> [Data shown]
———
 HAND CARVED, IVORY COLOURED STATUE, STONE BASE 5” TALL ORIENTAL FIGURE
———
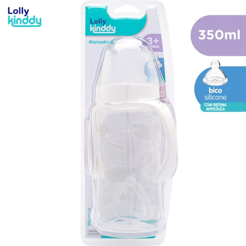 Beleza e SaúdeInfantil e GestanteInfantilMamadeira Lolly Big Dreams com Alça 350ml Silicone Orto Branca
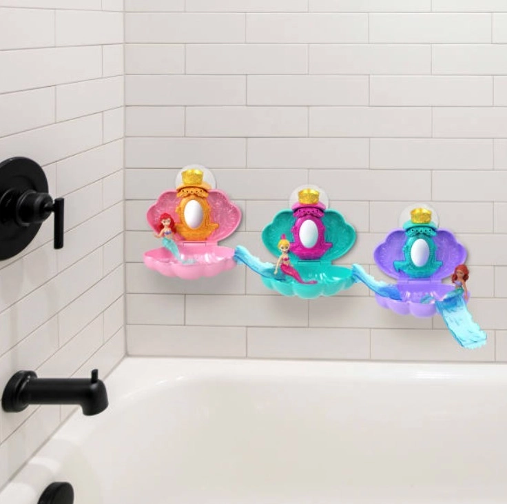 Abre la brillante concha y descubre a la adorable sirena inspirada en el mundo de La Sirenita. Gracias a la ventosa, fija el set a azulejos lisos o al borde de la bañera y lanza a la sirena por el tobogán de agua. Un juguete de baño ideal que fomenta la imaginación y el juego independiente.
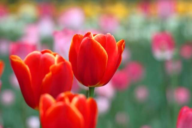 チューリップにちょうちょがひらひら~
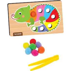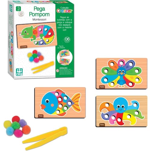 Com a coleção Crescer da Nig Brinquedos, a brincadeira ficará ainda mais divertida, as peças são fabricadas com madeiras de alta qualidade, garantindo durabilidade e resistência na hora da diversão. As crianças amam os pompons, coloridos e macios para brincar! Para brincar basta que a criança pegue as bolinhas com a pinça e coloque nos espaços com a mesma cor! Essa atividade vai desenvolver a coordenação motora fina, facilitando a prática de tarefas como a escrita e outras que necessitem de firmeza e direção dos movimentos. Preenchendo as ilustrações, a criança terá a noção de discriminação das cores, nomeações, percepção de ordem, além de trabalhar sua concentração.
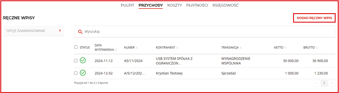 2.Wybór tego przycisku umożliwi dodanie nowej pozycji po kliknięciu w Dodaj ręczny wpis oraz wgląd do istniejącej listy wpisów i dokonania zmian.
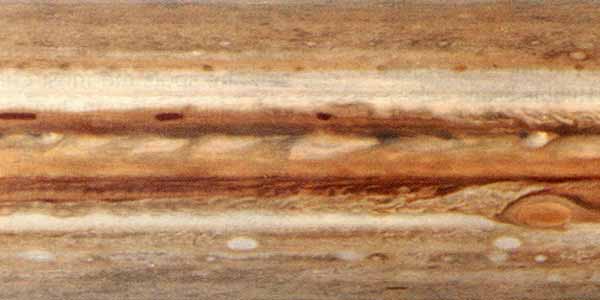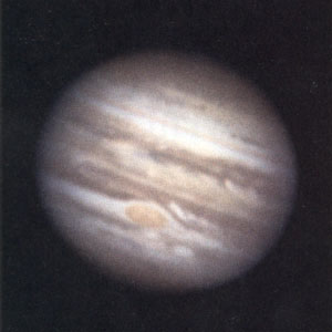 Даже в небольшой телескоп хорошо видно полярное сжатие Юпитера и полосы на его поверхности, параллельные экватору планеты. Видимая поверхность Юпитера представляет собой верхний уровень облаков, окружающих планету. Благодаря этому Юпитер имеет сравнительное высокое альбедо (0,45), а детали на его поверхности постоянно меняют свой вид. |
———
> [Work item] Using the entries above, repeat exactly the lines from the one with "Beleza e SaúdeInfantil" to the one with "Com a coleção", both included, and leave the pictures behind.

> [Exercise result]
 Beleza e SaúdeInfantil e GestanteInfantilMamadeira Lolly Big Dreams com Alça 350ml Silicone Orto Branca
 Abre la brillante concha y descubre a la adorable sirena inspirada en el mundo de La Sirenita. Gracias a la ventosa, fija el set a azulejos lisos o al borde de la bañera y lanza a la sirena por el tobogán de agua. Un juguete de baño ideal que fomenta la imaginación y el juego independiente.
 チューリップにちょうちょがひらひら~
 Com a coleção Crescer da Nig Brinquedos, a brincadeira ficará ainda mais divertida, as peças são fabricadas com madeiras de alta qualidade, garantindo durabilidade e resistência na hora da diversão. As crianças amam os pompons, coloridos e macios para brincar! Para brincar basta que a criança pegue as bolinhas com a pinça e coloque nos espaços com a mesma cor! Essa atividade vai desenvolver a coordenação motora fina, facilitando a prática de tarefas como a escrita e outras que necessitem de firmeza e direção dos movimentos. Preenchendo as ilustrações, a criança terá a noção de discriminação das cores, nomeações, percepção de ordem, além de trabalhar sua concentração.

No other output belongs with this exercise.